My own conference panel (“An Uncertain Sisterhood: Women and Anti-Semitism”) focused on anti-Semitism among academic feminists and activists. I have documented this phenomenon in two books: The New Anti-Semitism (2003) and The Death of Feminism (2005), and in many subsequent articles. The universalist feminism that I and my generation of Second Wave feminists once pioneered has now been Stalinized and Palestinianized by the academy. Israel is scapegoated as an apartheid nation state—which conveniently allows us to turn away from real gender and religious apartheid as practiced in the Muslim and Arab worlds.
This acceptable racist prejudice is shared by others, including intellectuals, academics, and progressives. My panel of feminists was stellar, and the non-feminist or perhaps even anti-feminist scholars gathered at Yale were surprised and impressed. In addition, I was also able to argue the case that feminist ideals and analysis may well function as a bridge between western academic feminists and Arab and Muslim academic feminists. I had first made this argument at a G8 conference in Rome in 2009 and immediately found myself surrounded by supportive Muslim and Arab feminist scholars and activists who said that they had felt “deserted, abandoned” by western feminists who no longer believed in universal human rights but had succumbed to multicultural relativism.

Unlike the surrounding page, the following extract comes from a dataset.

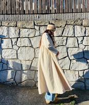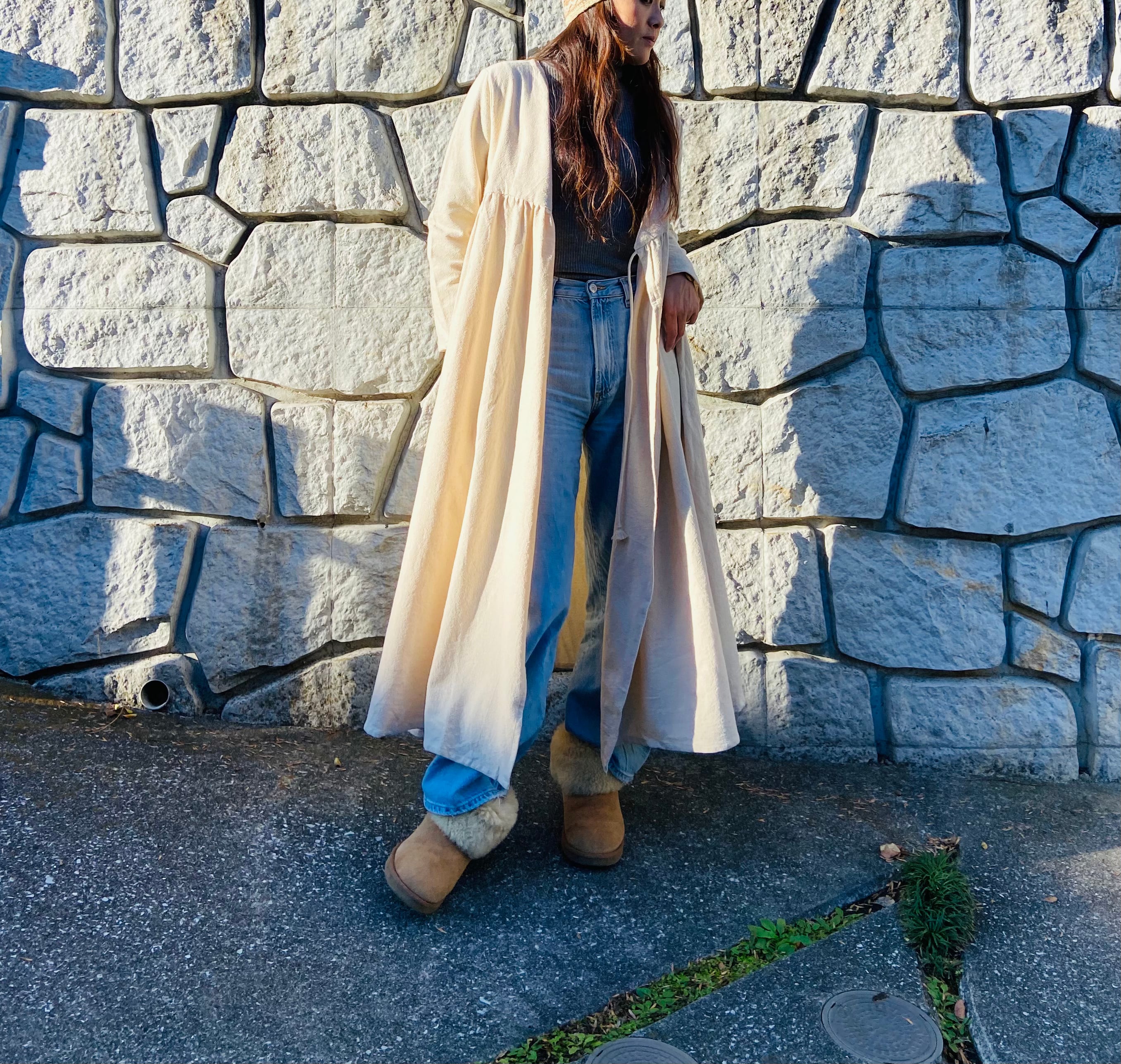 冬でも厚手コットン、生成り生地なので暖かく着れます。 冬に白、オシャレです!

Yale allowed me to present a version of this argument, both in the context of anti-Semitism and in terms of the importance of intellectual bridge-building to a large, sober, sophisticated, diverse, and scholarly audience. It was where I also made some important connections. For example, I met Professor Kenneth Lasson, Esq. of the University of Baltimore School of Law, who had published a law review article about honor killing. I also met Dr. Alvin Rosenfeld, whose grave and elegant understanding of how the Holocaust is being abused confirmed my own views on this matter. I met Bassam Tibi who surprised me with his knowledge of my work as well as Shimon T. Samuels, who had been my contact person for a fechschrift anthology in Simon Wiesenthal’s honor.
My November lecture (“How Scapegoating Israel Diminishes the Rights of Women in the Middle East”) allowed me to focus on both anti-Semitism and Islamic gender apartheid in terms of women’s rights and human rights. Anti-Semitism and Islamic gender and religious apartheid are joined at the hip.
Based on the collegial affinities I enjoyed at Yale, I understood that I would have an academic audience for my challenging of academic feminists on feminist issues, such as that of the burqa, honor killing, and honor related violence. Thus, on November 13, 2010, I published a piece about Professor Lila Abu-Lughod’s work on the veil which was initially published online in The American Thinker.
The world is watching. I sincerely hope that you will reconsider your decision to shut YIISA down. If you do not do so, you will be rendering racism respectable, contributing to the academic isolation of scholars of contemporary anti-Semitism, snuffing out genuine dissent, free speech, and academic freedom—and all in order to win the day for “political correctness.”
This will be a permanent stain on Yale and on American academia.